WHAT THIS TASK INVOLVES
Pictures are not part of the answer. Write out exactly the lines from the one containing "Tên sản phẩm: VÁY" through the end of the material below.

....................

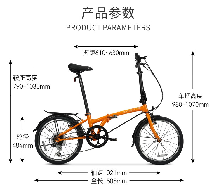 大行(DAHON)折叠自行车20英寸超轻6速通勤折叠单车HAT061 橙色
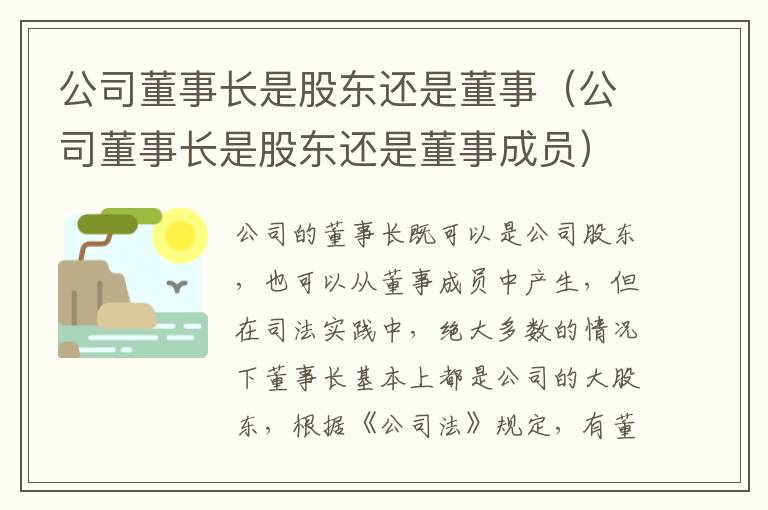 董事长可以是股东,也可以是董事,实践中,董事长一般是公司大股东。
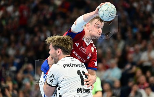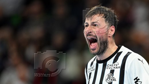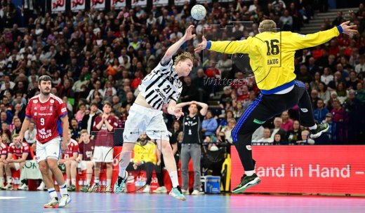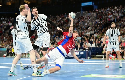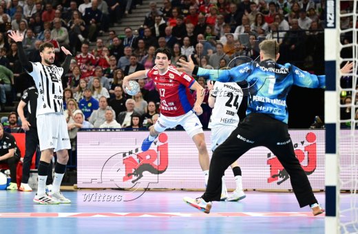 v.l. Domagoj Duvnjak, Kaj Geenen (Hamburg), Torwart Gonzalo Perez de Vargas (Kiel)
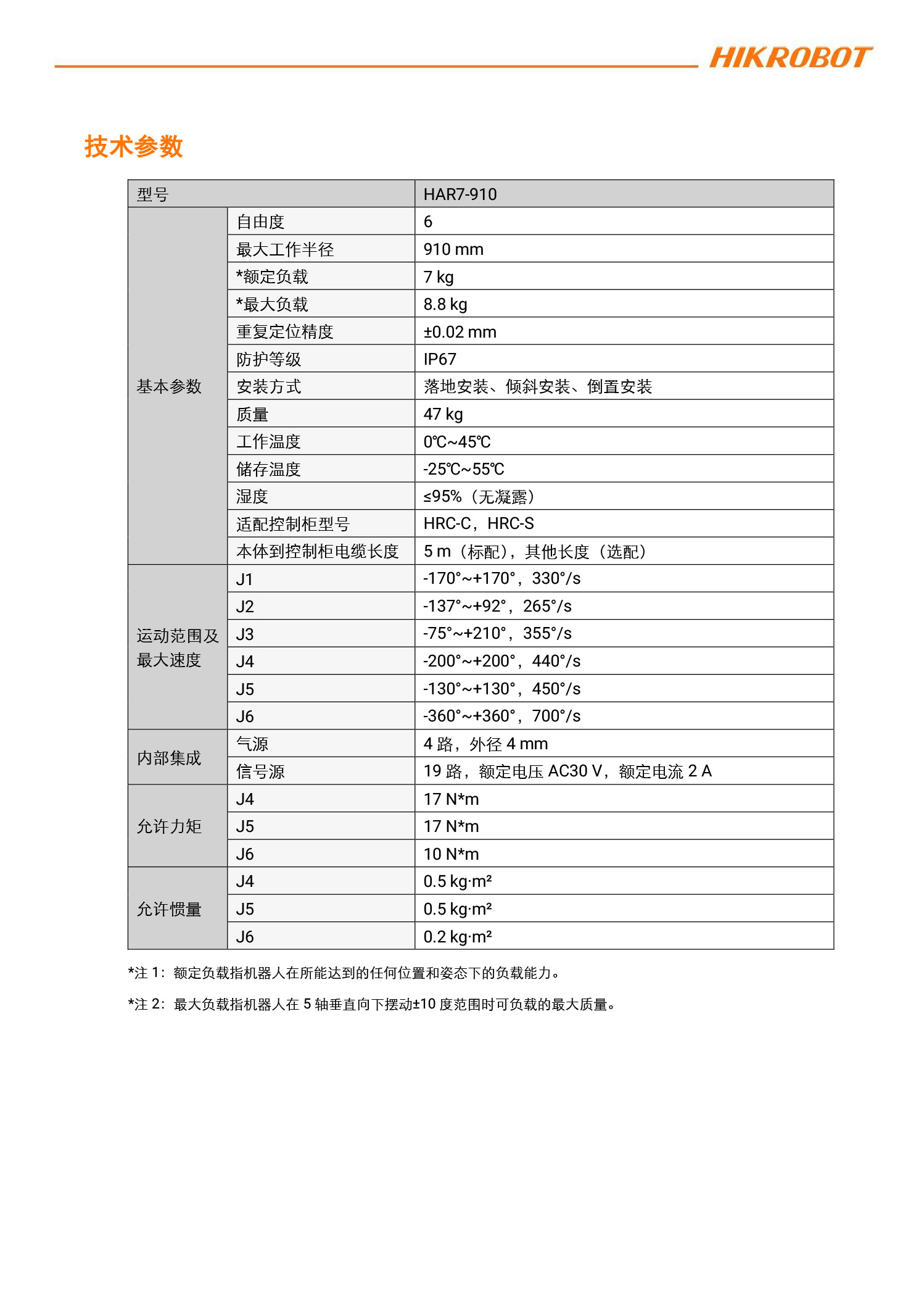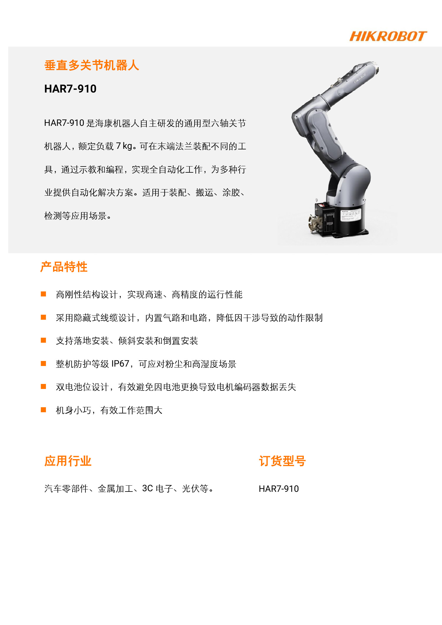 海康机器人HIKROBOT六轴机器人HAR7-910-C5L8-HY
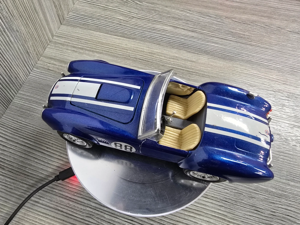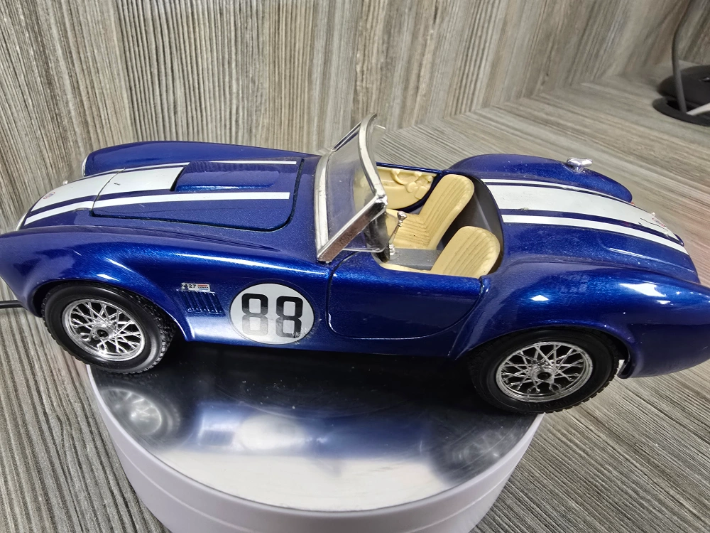 Blue Shelby Cobra 427 diecast model. Number 88. Detailed interior. Great for collectors or enthusiasts.
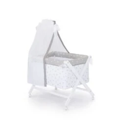 Berceau avec ciel de lit. Structure croisée en bois d´hêtre + sommier. Avec 4 roues + Matelas+ Textile avec taie d´oreiller, couette, habillage textile berceau et ciel de lit. Dimensions: Structure bois 76x51x70 cm. Ciel de lit: 55×85 cm. Couette: 80×112 cm. Une taie d’oreiller: 50×25 cm. Matelas: 49x4x75 cm. Sommier: 49×0,5x 75 cm. Composition des tissus: 100% coton.
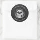 A skull and ornate border on a black background, and "We Dare You to Have a Wicked Good Time" or any wording you choose, in chic white lettering on these Halloween party round stickers available in 2 sizes and several styles. MATCHING items in our store.
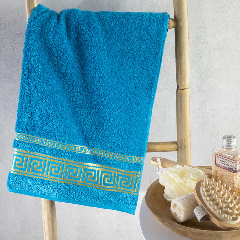 Bambusová osuška ROMA v atraktivní tyrkysové barvě s tradiční řeckou bordurou. Mnoho z vás se již přesvědčilo o vysoké funkčnosti bambusových vláken, které vynikají svojí savostí a antibakteriálními účinky. Vysoká gramáž tkaniny 550 g/m2 je zárukou kvality a měkkosti. Po vyprání zůstávají osušky z bambusové příze krásně jemné a hebké.
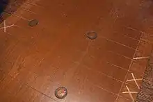 The Dorset long board is a somewhat different game, employing a larger board marked with a four-square and semicircles rather than horizontal lines. This board can be viewed in a British Pathé newsreel.[2] The short-board game was regularly featured in Yorkshire TV's Indoor League programme during the 1970s.
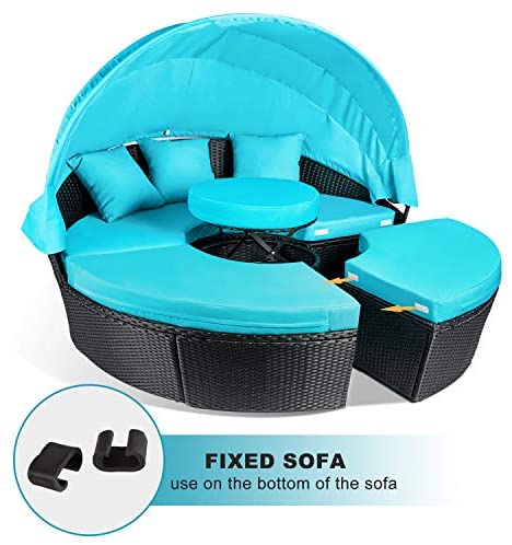 M&W Patio Furniture Outdoor Daybed with Retractable Canopy and Soft Cushions, PE Wicker Rattan Round Sectional Sofa Set for Lawn Garden Backyard Poolside, Turquoise
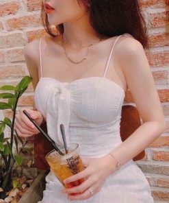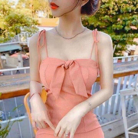 Tên sản phẩm: VÁY HAI DÂY ĐÍNH NƠ TIỂU THƯ SANG CHẢNH V216 – CLOUDY DRESS
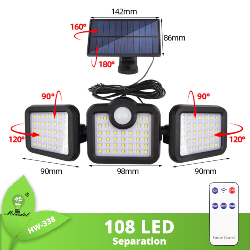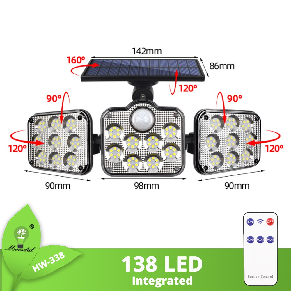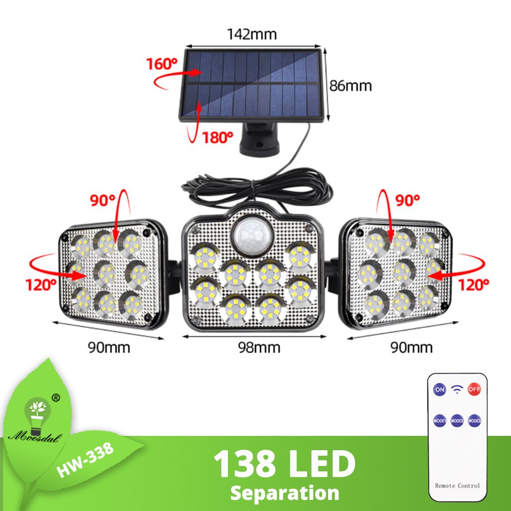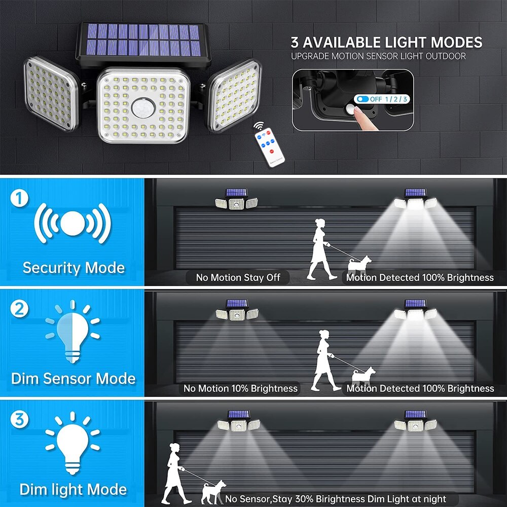 LED Solar Wall Light Outdoor Waterproof Garden Wall Light 3 Working Modes Motion Sensor 270 Wide-angle Lighting Remote Control
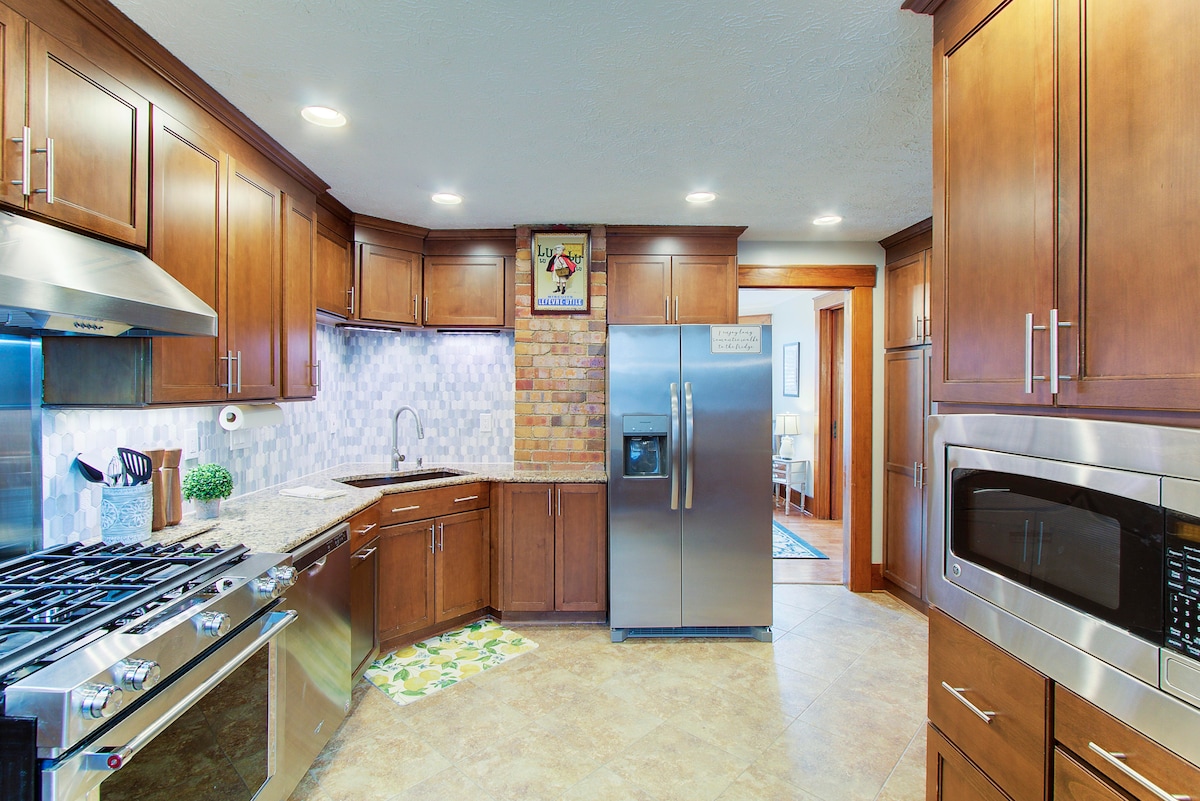 ¡Esta casa simplemente te hace sentir bien! Este hermoso alojamiento de cuatro dormitorios muy bien equipado está situado en el corazón del histórico Hartville, Ohio. Esta espaciosa casa, construida en 1932, posee todo lo que esperarías de la época, como hermosas carpinterías, techos altos, suelos de madera y un diseño maravilloso. El alojamiento Relájate y disfruta de esta elegante casa que ha sido remodelada con comodidades modernas, conservando el encanto antiguo. Un gran espacio para parejas, amigos, familias y viajeros de negocios.

....................

RESPONSE TO THIS EXERCISE
 Tên sản phẩm: VÁY HAI DÂY ĐÍNH NƠ TIỂU THƯ SANG CHẢNH V216 – CLOUDY DRESS
 LED Solar Wall Light Outdoor Waterproof Garden Wall Light 3 Working Modes Motion Sensor 270 Wide-angle Lighting Remote Control
 ¡Esta casa simplemente te hace sentir bien! Este hermoso alojamiento de cuatro dormitorios muy bien equipado está situado en el corazón del histórico Hartville, Ohio. Esta espaciosa casa, construida en 1932, posee todo lo que esperarías de la época, como hermosas carpinterías, techos altos, suelos de madera y un diseño maravilloso. El alojamiento Relájate y disfruta de esta elegante casa que ha sido remodelada con comodidades modernas, conservando el encanto antiguo. Un gran espacio para parejas, amigos, familias y viajeros de negocios.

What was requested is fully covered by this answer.